En agosto del año 2000, un científico japonés
de nombre Toshiyuki Nakagaki anunció que había entrenado
a un organismo ameboide llamado moho del lodo para encontrar el camino
más corto dentro de un laberinto. Nakagaki había colocado
al moho en un pequeño laberinto que presentaba cuatro caminos
posibles y había colocado trozos de alimento en dos de las
salidas. A pesar de que este es un organismo increíblemente
primitivo (un pariente cercano de los hongos comunes) sin un cerebro
centralizado), el moho del lodo logró trazar el camino más
eficiente hacia el alimento, arrastrando su cuerpo a través
del laberinto de manera que se conectó directamente con las
dos fuentes de alimento. Sin recursos cognitivos evidentes, el moho
del lodo había "resuelto" el rompecabezas del laberinto.
Para un organismo tan simple, el moho del lodo tiene un notable pedigree
intelectual. El anuncio de Nakagaki fue solamente el último
de una larga cadena de investigaciones sobre las sutilezas del comportamiento.

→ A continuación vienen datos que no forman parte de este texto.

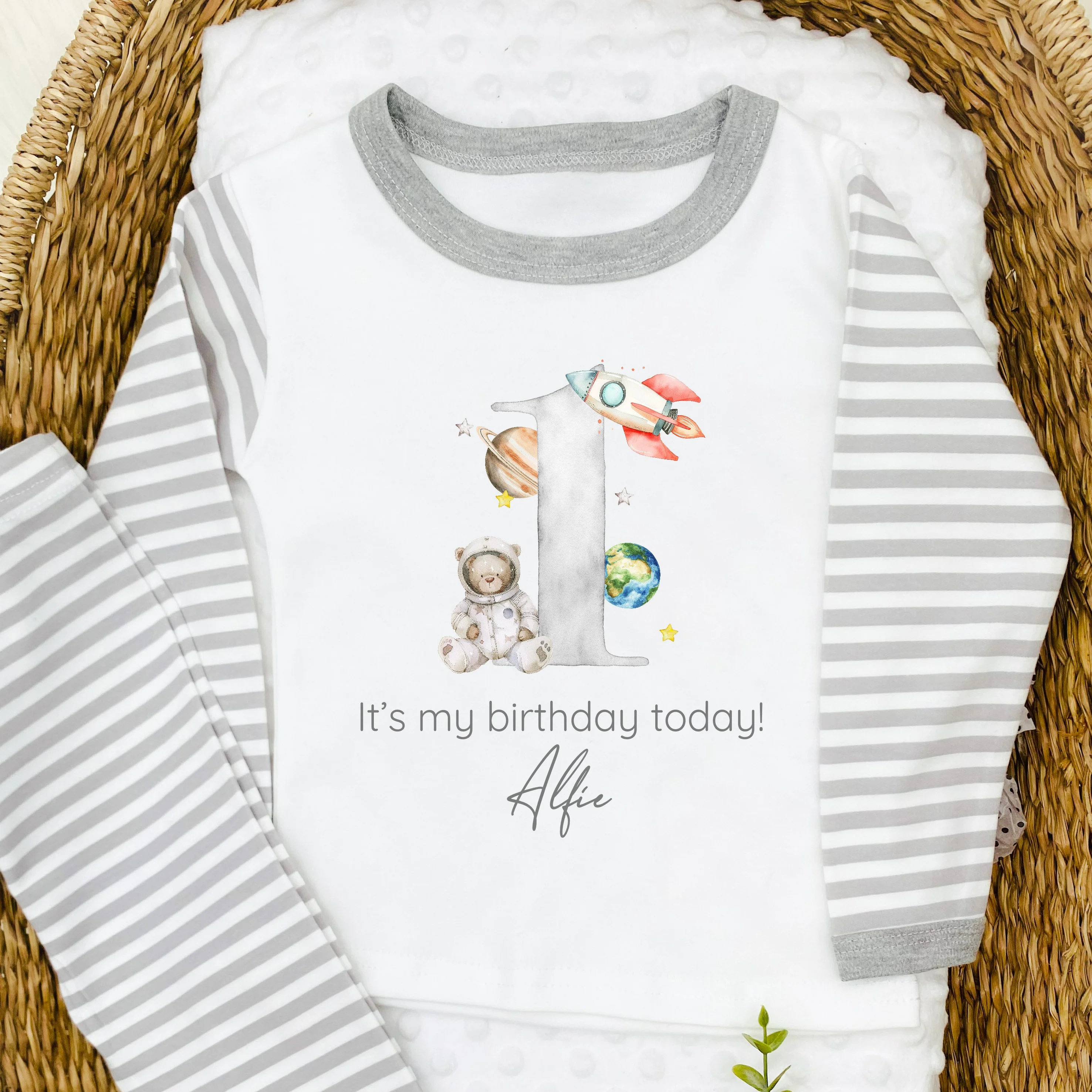Personalised Space Grey Stripe Boys Birthday Pyjamas

Para los científicos que tratan de comprender los sistemas
que utilizan componentes relativamente simples para construir una
inteligencia de nivel superior, el moho del lodo algún día
podría verse como el equivalente de los pinzones y tortugas
que observó Darwin en las Islas Galápagos.
¿De qué manera un organismo tan primario comenzó
a desempeñar un rol científico tan importante? Esa historia
comienza a fines de la década del 60' en la ciudad de Nueva
York, con una científica de nombre Evelyn Fox Keller. Keller,
con un doctorado en física obtenido en Harvard, había
escrito su disertación sobre biología molecular y había
pasado cierto tiempo explorando el campo naciente de la "termodinámica
del no-equilibrio", que años más tarde se habría
asociado con la teoría de la complejidad. Hacia 1968, estaba
trabajando como asociada en Sloan-Kettering en Manhattan, pensando
en la aplicación de las matemáticas a los problemas
biológicos. La matemática había tenido un papel
fundamental en la expansión de la comprensión de la
física, pensaba Keller - de manera que podría también
ser útil para comprender los sistemas vivos.
En la primavera de 1968, Keller visitó a un erudito llamado
Lee Segel, un matemático aplicado que compartía sus
intereses. Fue Segel quien la introdujo por primera vez al comportamiento
curioso del moho del lodo, y juntos comenzaron una serie de investigaciones
que ayudarían a transformar no solamente la comprensión
del desarrollo biológico sino también los mundos dispares
de la ciencia cerebral, diseño de software y estudios urbanos.
Si Ud. está leyendo esto en verano en algún lugar suburbano
o rural del mundo, probablemente cerca de Ud. esté creciendo
un moho del lodo. Camine en un bosque normalmente frío, húmedo
en un día seco y soleado, o examine cuidadosamente el manto
de hojas que cubre la corteza del suelo del jardín, y podrá
encontrar una sustancia grotesca que cubre unas pocas pulgadas de
madera en descomposición. Ante la primera inspección,
la masa color naranja rojiza sugiere que el perro del vecino ha comido
algo desagradable, pero si observa al moho del lodo durante varios
días, o mejor aún, si lo capta con una fotografía
con lapso de tiempo, descubrirá que se mueve, siempre tan lentamente,
por el suelo. Si el tiempo se vuelve más húmedo y frío,
puede volver a la misma mancha y observar que la criatura ha desaparecido.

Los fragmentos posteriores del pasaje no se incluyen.